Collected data
== Segment start ==

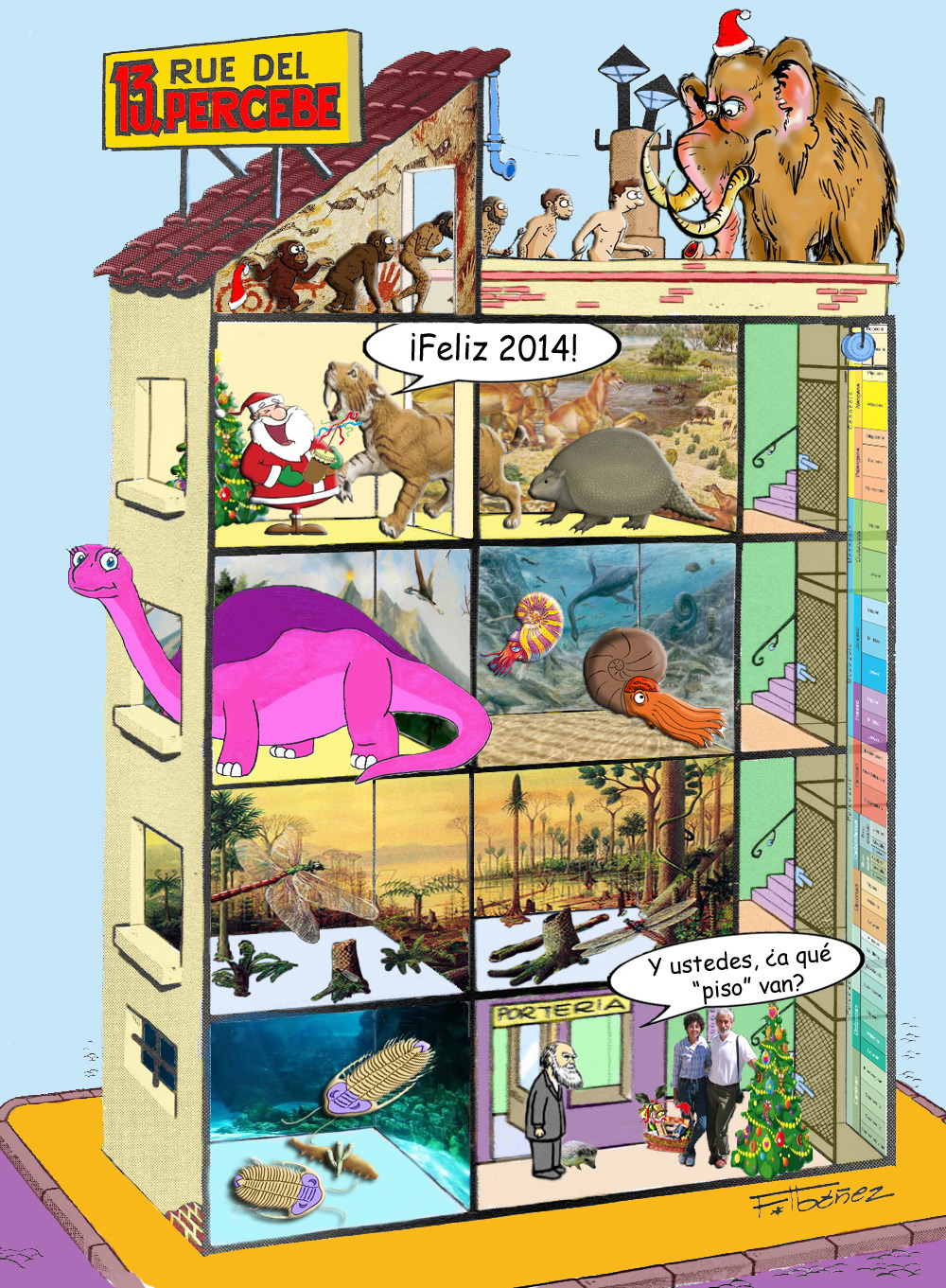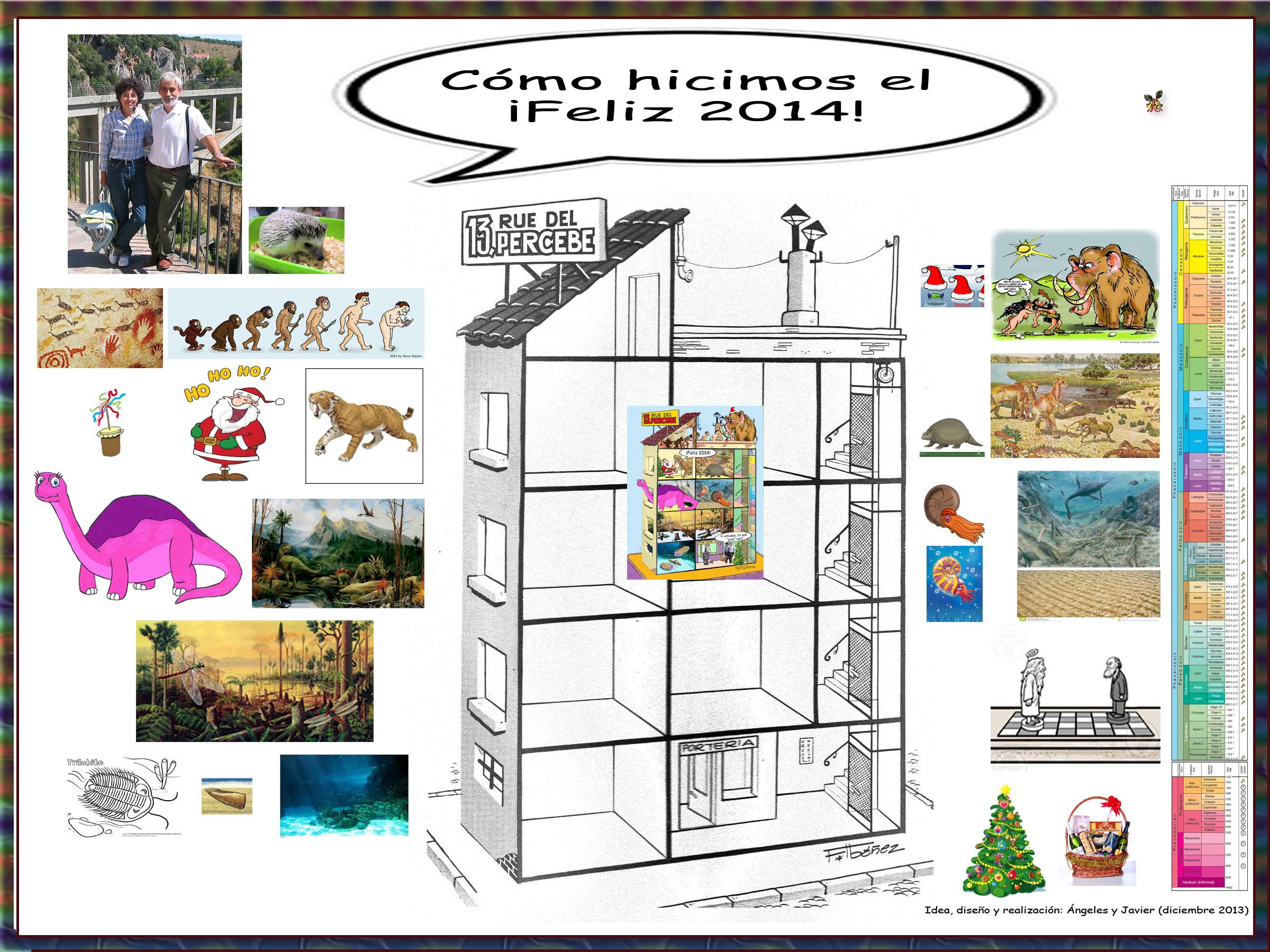Estas fiestas las vamos a celebrar con esta peculiar comunidad de vecinos. Si os queréis apuntar, ¡ojo! no cojáis el ascensor, es un poco lento, puede tardar millones de años en subir. Si quieres saber cómo lo hicimos: PINCHA AQUÍ. Algunos cotilleos de este inmueble y sus habitantes: Portero, Moneypenny, Papá Noel, piso, ascensor, sótano, bajo (trilobites, mureropodio), primero, segundo (dino, ammonites), tercero ("gatito", gliptodonte), ático ("los nuevos", mamut). |
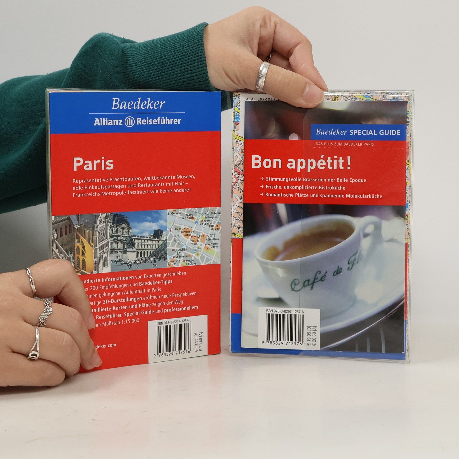 Set aus: Baedeker Reiseführer Paris mit themenorientiertem Special Guide und professionellem Cityplan. Ausführliche und fundierte Informationen zu Geschichte, Kultur, Politik und Wirtschaft; Tourenvorschläge, Sehenswertes und Praktische Informationen von A bis Z sowie Register. Einfache und schnelle Orientierung durch Farbleitsystem, Empfehlungen und Tipps der Baedeker-Redaktion. Umfangreiches Kartenmaterial sowie 3D-Darstellungen. Die Schöne an der Seine Paris fasziniert wie keine andere Stadt: Die prachtvolle Seinemetropole, die Stadt der Verliebten, der Belle Epoque und Grands Boulevards bestimmt über Politik und Zeitgeist. Der Baedeker Paris führt zu repräsentativen Bauten, weltbekannten Museen, edlen Einkaufspassagen und Restaurants mit Flair, kurzum: Durch ein Fest fürs Leben. Paris ist das Herz Frankreichs. Hauptstadt und Wirtschaftszentrum, multikulturelle Metropole, Kapitale der Superlative, der wahren Lebenskunst und Poesie. Wissenswertes über Wirtschaft, Geschichte, Kunst und Kultur sowie Bewohner der Weltstadt erfährt man im Kapitel Hintergrund. Wie und wann Paris sein mondänes Gesicht erhielt, erfährt man in einem Themen-Special. Was darf man auf keinen Fall zu Hause vergessen? Wo geht man in Paris am Abend besonders gut essen und wohin zum Shopping? Praktische Informationen helfen in jeder Lebenslage von Anreise bis Zeit, wissen, wo es die besten und günstigsten Übernachtungs- und Einkaufsmöglichkeiten gibt, wie und wo man Urlaub aktiv gestalten kann und geben Tipps, wenn man z. B. mit Kindern in Paris unterwegs ist. Ein knapper Sprachführer erleichtert die Verständigung. Specials widmen sich heißen Rhythmen, Visionen aus Glas und Eisen, dem Inbegriff von Eleganz und dem französischen Chanson. Eine Tour mit dem Touristenbus zeigt ohne Frage das Wichtigste von Paris. Spannender ist es aber die Stadt an der Seine zu Fuß zu entdecken: Zwei Stadtspaziergänge führen vom antiken Lutetia zur pulsierenden Weltstadt und am Rive Gauche entlang zu studentischem Trubel, verträumten Winkeln und charmanten Cafés. Der weltberühmte Louvre, Notre-Dame, Champs-Elysée und Eiffelturm, Napoleons Arc de Triomphe und der bezaubernde Place des Vosges - wer nicht wochenlang in Paris ist, hat die Qual der Wahl. Was man auf keinen Fall versäumen darf, ist als Top-Sehenswertes zusammengestellt. Alle Sehenswürdigkeiten der Stadt sind von A – Z ausführlich beschrieben. Specials beschäftigen sich mit außergewöhnlichen Persönlichkeiten, typischen Phänomenen der Stadt und mit dem eigentlichen Phänomen Paris an sich. Wie viele Nieten halten den Eiffelturm zusammen? Wie heißt das meistverkaufte Parfüm der Welt und wo hatte die Réstistance 1944 ihr Hauptquartier? Der Baedeker Paris schaut gerne hinter die Kulissen und wartet mit interessanten und überraschenden Fakten auf. Die Baedeker-Tipps verraten, wie man Paris ganz authentisch und kostenlos entdecken, das beste Eis der Stadt schlecken kann und wo die Geheimnisse der Parfümherstellung gelüftet werden. Einzigartige 3D-Darstellungen geben lebendige Einblicke in die Kathedrale Notre-Dame, das Panthéon und das Schloss in Versailles. Der Special Guide „Bon appétit!“ hat Tipps und Adressen für Gourmets und Genießer und führt zu stimmungsvollen Brasserien, unkomplizierten Bistros und romantischen Plätzen. Der Baedeker Paris führt sicher durch die Stadt und bietet fundierte Hintergründe. Großartige 3D-Darstellungen eröffnen neue Perspektiven. Der professionelle City-Plan im Maßstab 1:15.000 und die praktische Umschlagkarte mit Cityplan geben überall Orientierung.
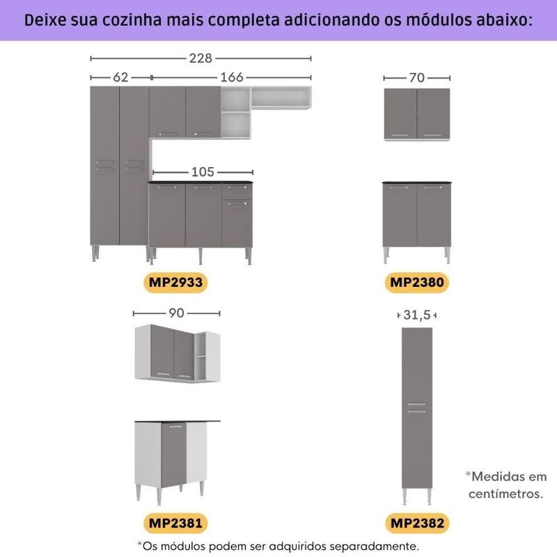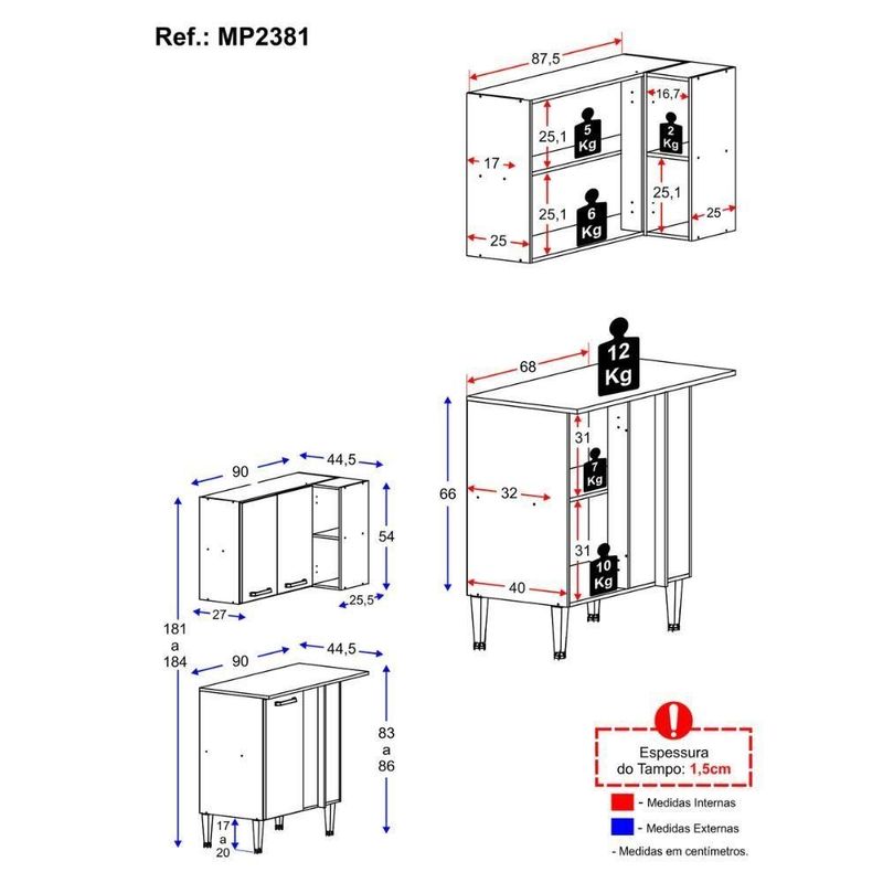 Kit Armário De Cozinha Aéreo Canto Com Balcão Pequim Multimóveis Mp2381 Branco/lacca FumêAproveite cada canto da sua cozinha com inteligência e estilo com o Kit Armário de Cozinha Aéreo Canto com Balcão 90cm 3 Portas Pequim Multimóveis MP2381. Desenvolvido para otimizar espaços e transformar áreas pouco utilizadas em soluções funcionais, ele combina design moderno, organização eficiente e a qualidade que faz toda a diferença no seu dia a dia.Diferenciais:- 3 anos de garantia contra defeitos de fabricação e material.- Produzido em madeira de reflorestamento (MDP 12mm - portas e tampo de 15mm): garante resistência e maior durabilidade.- Acabamento acetinado com cerca de 20% de brilho: proporciona elegância e facilidade na limpeza.- Versões Branco/Lacca Fumê e Preto/Lacca Fumê com portas em acabamento brilhante, agregando ainda mais sofisticação ao ambiente.- Módulos para canto (a montagem pode ser feita somente conforme as imagens - não são reversíveis).- 3 portas com amplo espaço interno para melhor organização de utensílios, mantimentos e louças.- Prateleiras internas que facilitam a distribuição e o aproveitamento do espaço.- Nichos externos para acomodar temperos ou pequenos itens decorativos.- Balcão com tampo que suporta até 12kg.- Puxadores em ABS com acabamento cromado: modernos e resistentes.- Pés em polipropileno com regulagem de altura, garantindo melhor nivelamento no piso.Conteúdo da Embalagem:1 (um) Armário Aéreo de Canto 90cm1 (um) Balcão de Cozinha de Canto com Tampo 90cmManual de MontagemKit FerragemDimensões do Produto Montado:Armário Aéreo - Altura: 54cm | Largura: 90cm | Profundidade: 44,5cmBalcão - Altura: 83 a 86cm | Largura: 90cm | Profundidade: 44,5cm*Você pode consultar as medidas detalhadas na imagem técnica do produto.*As cores do produto podem sofrer variações de tonalidade de acordo com as configurações do seu dispositivo.*Aqui na Loja Multimóveis, você pode concluir sua compra facilmente com toda segurança. A entrega é garantida e você está em 1° lugar.Imagem meramente ilustrativa. Decoração não acompanha o produto.O produto será entregue desmontado e não disponibilizamos o serviço de montagem. Acabamento: Pintura UV | Tonalidade: Preto | Material: MDP | Referência do Modelo: MP2381 | Coleção: Pequim | Instruções de Cuidado: Para uma limpeza mais efetiva, utilizar apenas pano macio umedecido e sabão neutro. Não utilizar produtos abrasivos. | Sistema de Montagem: O produto acompanha manual de montagem e kit ferragem. O produto será entregue desmontado e não disponibilizamos o serviço de montagem. | Produto Composto por: 1 armário aéreo de canto 90cm, 1 balcão de canto com tampo 90cm, manual de montagem e kit ferragem. | Altura Montado: 184 | Largura Montado: 90 | Profundidade Montado: 44.5 | Tamanho (L x A x P): 90 x 184 x 44,5 | Garantia do Fabricante: 3 | Fabricante: Multimóveis | Requer Montagem: Sim | Quantidade de Portas: 3 | Quantidade de Gavetas: 0 | Quantidade de Prateleiras: 3 | Quantidade de Puxadores: 3 | Quantidade de Pés: 4 | Porta com Vidro: Não | Corrediça: N/A | Material do Puxador: ABS | Material dos Pés: Polipropileno | Acompanha Pia Inox: Não | Balcão 120 cm compatível para uso de pia: Não | Tampo Incluso: Sim | Quantidade de Tampos: 1 | Material do Tampo: MDP | Espessura do Tampo: 1.5 | Com Prateleiras: Sim | Tipo: Modular | RBN: 17100674011 | Altura (cm): 184 cm | Largura (cm): 90 cm | Profundidade (cm): 44,5 cm | Acessórios incluídos: N/A | Ubicação do móvel: Não aplica | Altura do Produto com Embalagem: 11 cm | Largura do Produto com Embalagem: 72 cm | Comprimento do Produto com Embalagem: 95 cm | Peso do Produto com Embalagem: 35000 g | Tempo de Garantia: 3 meses | Destaque 1: Produzido em MDP: maior durabilidade e resistência. | Destaque 2: 3 portas e 2 nichos externos: amplo espaço interno para organização de utensílios. | Destaque 3: Pés em polipropileno com regulagem de altura: perfeito nivelamento do móvel. | Destaque 4: Tamanho do Produto Montado (L x A x P): 90 x 184 x 44,5 cm | Destaque 5: Módulos individuais: permitem a montagem do jeito que você preferir. | Tipo de móveis de cozinha: Armário | Marca: Multimóveis | Materiais do corpo: MDP | Materiais das portas: MDP | Altura do armário: 54 cm | Largura do armário: 90 cm | Profundidade do armário: 44,5 cm | Altura do balcão: 86 cm | Largura do balcão: 90 cm | Profundidade do balcão: 44,5 cm | Modelo detalhado: N/A | Peso (kg): 35 kg | Estilo: Moderno | Capacidade máxima de peso: N/A | Com Pés ajustáveis: Sim | Quantidade de caixas de embalagem: 01 | Peso do Produto: 35 | É personalizado: Não | Baterias são necessárias?: Não | Certificação de teste externa: Não aplicável | Is Fragile: Não | Dimensões do item P x L x A: depth#value=44.5;depth#unit=centimeters;width#value=90;width#unit=centimeters;height#value=184;height#unit=centimeters | Peso do item: unit=kilograms;value=35 | Quantidade de itens: 1 | Número da peça: MP2381.839 | Duração da Garantia: 3 Meses | Montagem: Necessita Montagem | Tipo de Garantia: Garantia do Fabricante | Inclui manual de montagem: Sim | Palavras-chave: armario de cozinha compacta, cozinha compacta, bancada para cooktop, armario cozinha, armario de cozinha, balcao cozinha, armario de cozinha simples, movel para embutir fogao, armario planejado cozinha, balcao cooktop 4 bocas | Componentes incluídos: Kit de instalação | Peso do balcão (kg): N/A | Peso do armário (kg): N/A | Tipo da embalagem do vendor: Sem embalagem adicional | Produto: Armário | Cor: Branco/Lacca Fumê
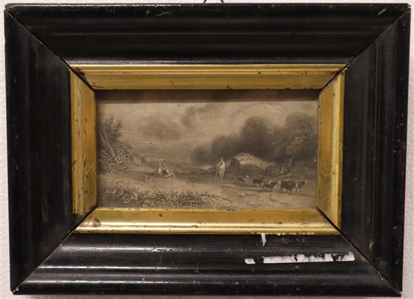 Lotto composto da una lastra per incisioni in rame ed una piccola incisione raffigurante paesaggio bucolico, in cornici (difetti)
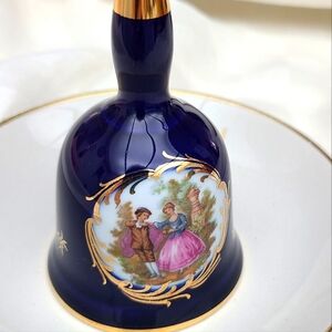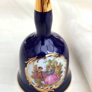 Elegant Limoges bell with a rich blue finish. Features gold accents and a charming painted scene.
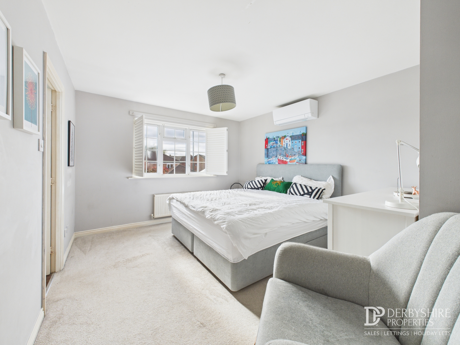 With a double-glazed window to the front elevation fitted with bespoke shutter blinds, the room features a wall-mounted radiator and an air-conditioning unit providing both cooling and heating. An internal door provides access to:
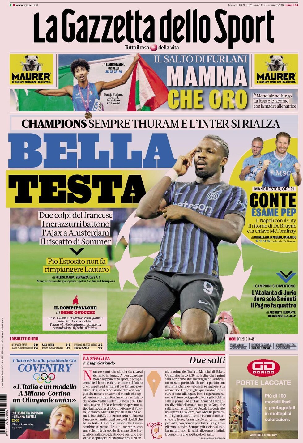 Una doppietta nata da due colpi di testa dove ha lasciato trasparire il dominio fisico sugli avversari. Così Marcus Thuram ha mandato al tappeto l'Ajax al debutto stagionale in Champions League ad Amsterdam: "Bella testa", titola appositamente La Gazzetta dello Sport in prima pagina sulla ripresa dell'Inter. Sommer, dopo la marea di critiche ricevute al Derby D'Italia per gli svarioni con la Juventus, si prende la sua rivincita mentre Pio Esposito (titolare) non ha fatto rimpiangere l'assenza di Lautaro Martinez.
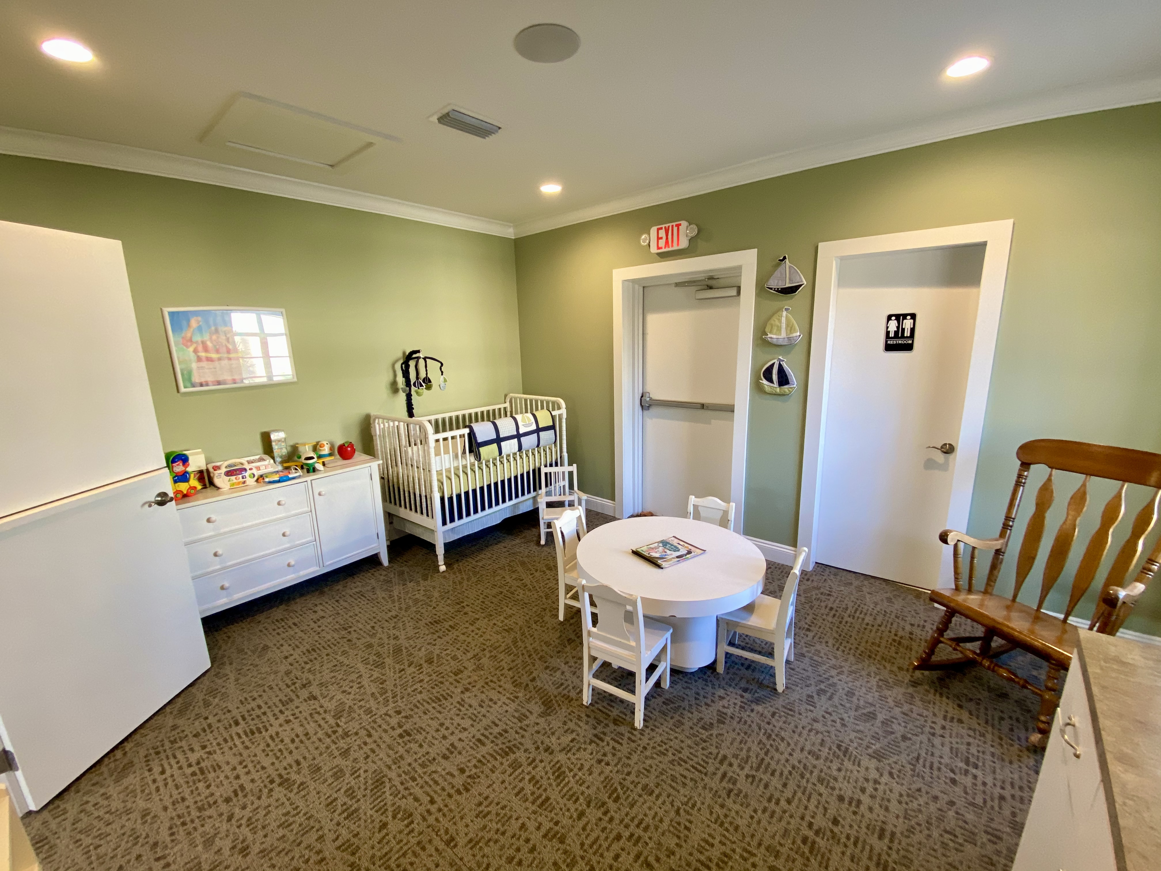 Sunday services are held at 10:30 AM and Wednesday services are held at 7:00 PM. Sunday school is held at 10:30 AM for students up to the age of 20. Childcare is available at all services.

== Segment end ==

Your assignment =>
Beginning with the line with "Una doppietta nata", repeat the entries above exactly, up to and including the last line, leaving out pictures.

Exercise answer =>
 Una doppietta nata da due colpi di testa dove ha lasciato trasparire il dominio fisico sugli avversari. Così Marcus Thuram ha mandato al tappeto l'Ajax al debutto stagionale in Champions League ad Amsterdam: "Bella testa", titola appositamente La Gazzetta dello Sport in prima pagina sulla ripresa dell'Inter. Sommer, dopo la marea di critiche ricevute al Derby D'Italia per gli svarioni con la Juventus, si prende la sua rivincita mentre Pio Esposito (titolare) non ha fatto rimpiangere l'assenza di Lautaro Martinez.
 Sunday services are held at 10:30 AM and Wednesday services are held at 7:00 PM. Sunday school is held at 10:30 AM for students up to the age of 20. Childcare is available at all services.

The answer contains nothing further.